Гордюша спустился с березы.
— Когда мы выходили из дому, солнце стояло над головой. Значит, идти надо много правее… — вслух рассуждал мальчик, не обращая внимания на собаку.
Дымок прижался к нему и тихонько толкнул его холодным, носом в ладонь. Но и на это расстроившийся мальчик не обратил никакого внимания. Пес скребнул лапой коленку Гордюши и просунул голову ему между ног: так всегда он выражал ласку и покорность…
Гордюша оттолкнул его, взял ружье, глухаря и пошел в противоположную сторону.
Пес вначале долго еще оставался на том же месте, потом взвизгнул и бросился за мальчиком. Догнав Гордюшу, он забежал вперед и встал боком. Мальчик обошел его, но Дымок снова забежал вперед и снова встал поперек хода Гордюши.

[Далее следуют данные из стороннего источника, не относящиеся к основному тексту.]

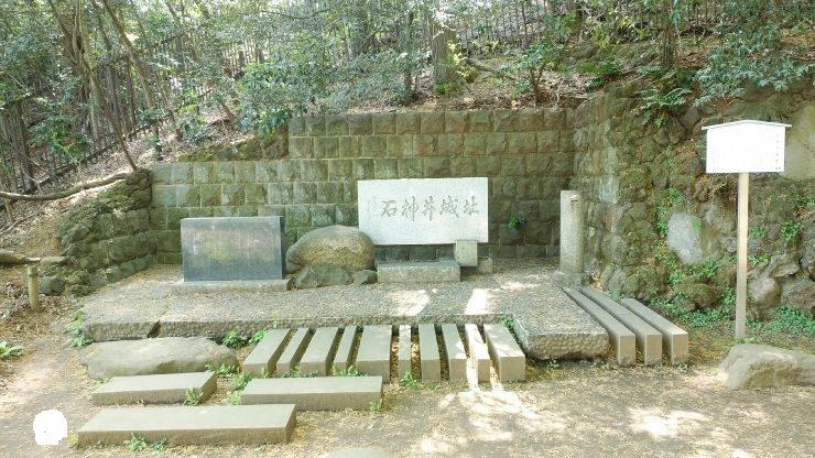石神井城があったとされる小高い丘のふもとにある石碑。三宝寺池遊歩道の植物群落の石碑がある通りを高台の方に向かって進むと、麓の脇に設置してあった。
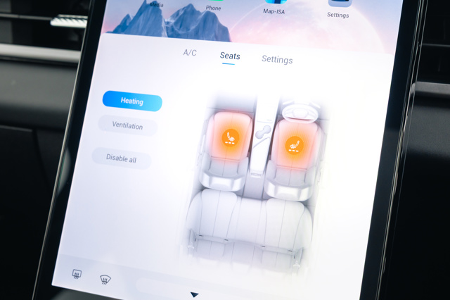 Disappointingly there are no physical adjusters for its climate control functions, with those also being accessed via the infotainment interface. At least the temperature settings are permanently on show.
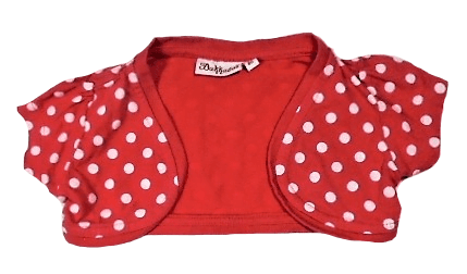 Aanvullende informatie: Bolero rood met witte stippen en korte mouwtjes
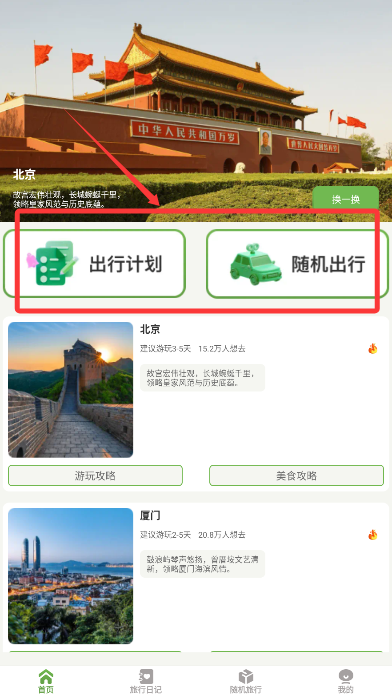 2、主界面提供"行程規(guī)劃"與"驚喜旅程"等入口,輕松開啟個性化出游安排。
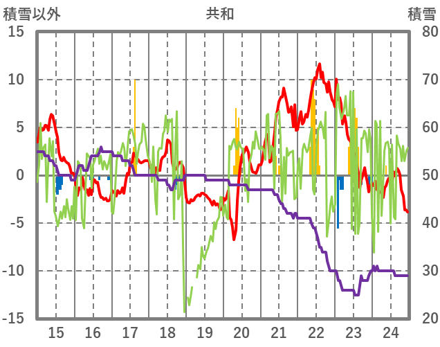 | 日 | 時 | 気温 | 降水 | 風向/風速 | 日照 | 積雪 | 降雪 |
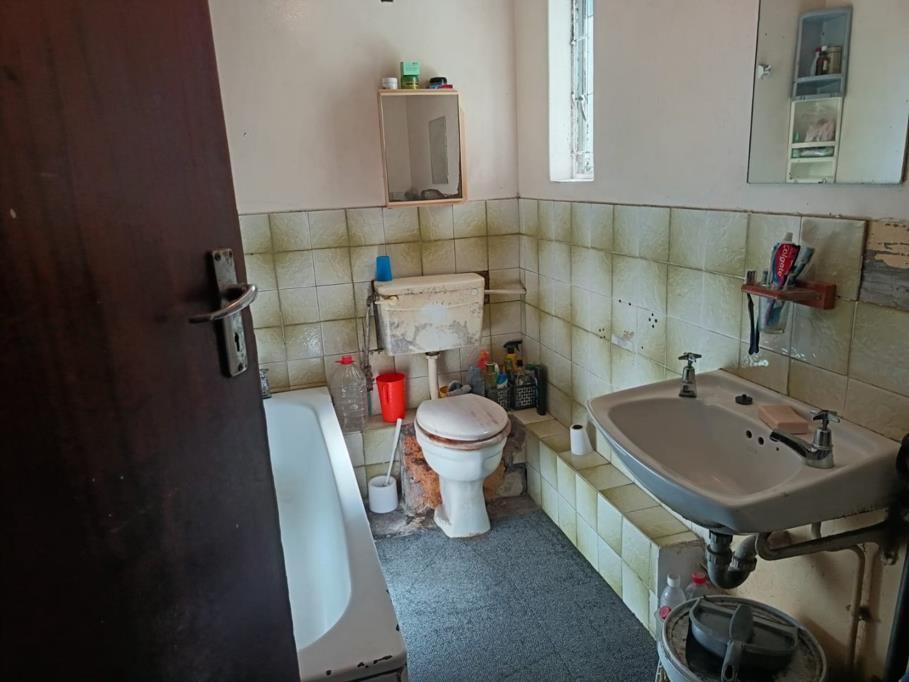 The property features a functional kitchen with built-in cupboards, providing practical storage space. The family bathroom consists of a basin, toilet, and bath.
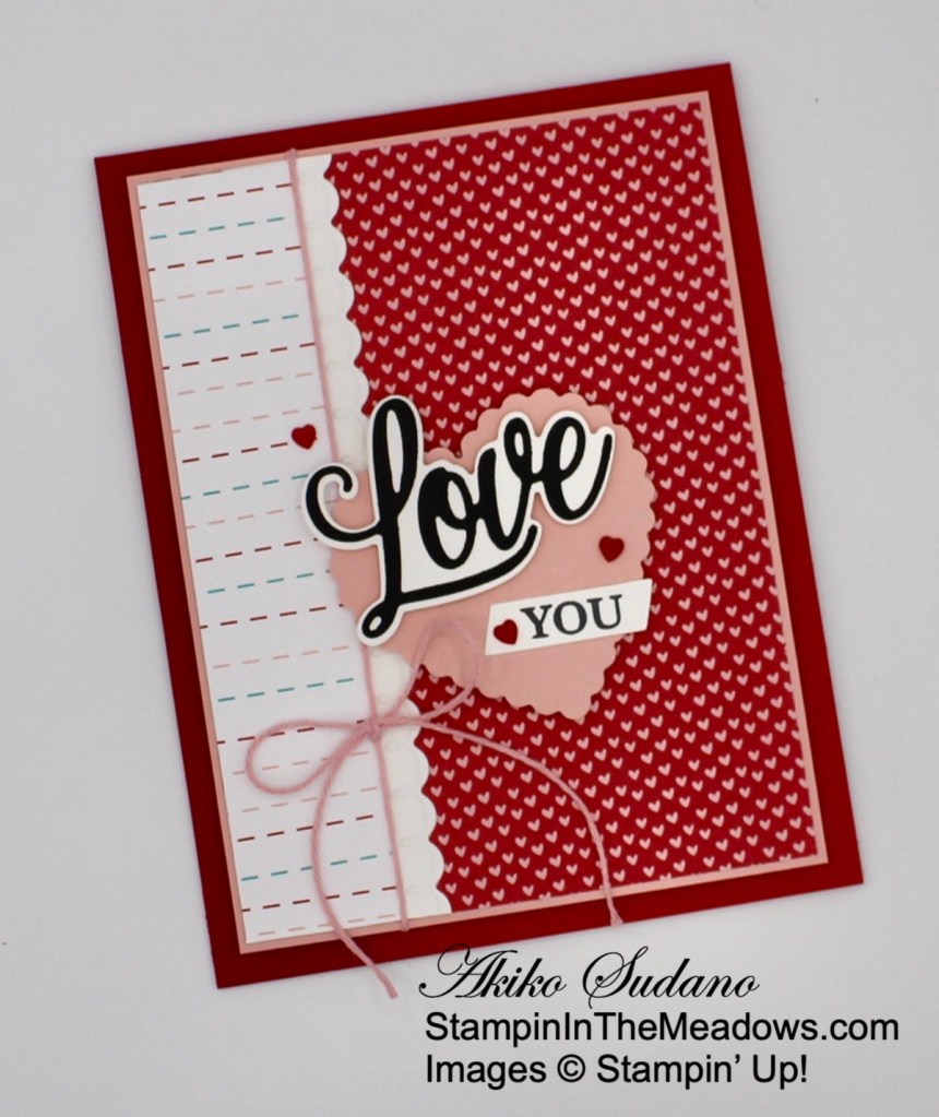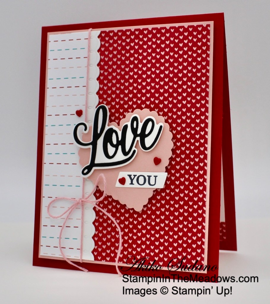 - Love You Always Foil – 3″ x 4-1/4″ (scalloped rectangle die cut), 1/2″ x 3-1/2″ (label), 2-1/2″ x 2-1/2″ (scalloped heart punch and small heart die cut)

В раздражении Гордюша толкнул собаку ногой. Дымок, казалось, только и ждал этого. Он бросился от мальчика обратно и вскоре скрылся в траве.
— Дымка! Дым-мка!.. — чуть не плача, закричал Гордюша, испуганно озираясь вокруг; но Дымок не появлялся, Гордюша решил свистнуть, схватился за то место, где висела у него сумка, и ахнул: сумки не было.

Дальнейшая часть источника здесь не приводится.